Recently, nineteen U.S. senators filed an amicus brief in federal court supporting action en by the Commodity Futures Trading Commission to impose trading limits on speculators in U.S. commodity markets to combat excessive speculation and combat high prices for gasoline, crude oil, food, and other commodities. Senator Carl Levin (D-MI), who spearheaded the effort on the brief, said that an ongoing contributing factor in high energy prices is excessive speculation in U.S. commodity markets.
The amicus brief concentrates on a single issue: demonstrating that the Dodd-Frank Act made imposing position limits on speculators mandatory, not discretionary. It discusses the plain language of the law, its legislative history, and seven years of Senate investigations and legislative efforts to combat excessive speculation, in part, by imposing mandatory trading limits on speculators. Senator Levin noted that position limits, which have been part of U.S. commodities law since 1936, are a recognized tool to reduce and prevent excessive speculation and price manipulation in commodity markets. ISDA and SIFMA v. CFTC, Civil Action No. 1:11-CV-2146-RLW, DC of D.C,. April 13, 2012.
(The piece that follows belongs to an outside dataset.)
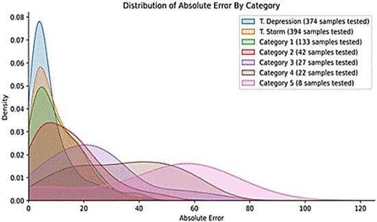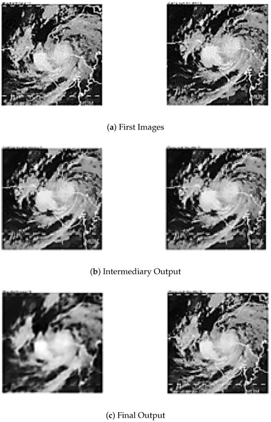 In the context of predicting typhoon movement, Wang et al. developed a CNN-based model that predicted the movement direction over the Northwestern Pacific, with a mean angle error of 27.8 degrees. They suggested that increasing the model’s complexity, such as adding convolutional and batch normalization layers, could reduce this error. However, the model’s small training dataset of 2250 images and its focus on the movement direction, and not the distance, restricted its broader application [10]. Wang et al. also introduced a two-step framework combining object detection and image processing techniques to locate TC centers in satellite infrared images. Nevertheless, the object detection model’s accuracy and circle selection in the Hough transform required further improvement [4].

Two years ago, the Dodd-Frank Act directed the CFTC to clamp down on excessive speculation by imposing trading limits on speculators, he noted, and the CFTC issued a new regulation to do just that. The financial industry challenged the CFTC regulation in federal court, claiming that Congress never meant for the trading limits to prevent excessive speculation to be mandatory. The amicus brief contends that is exactly what Congress meant. The derivatives and securities industry lawsuit asks the court to impose a preliminary injunction to suspend the regulation immediately and summary judgment to invalidate it permanently.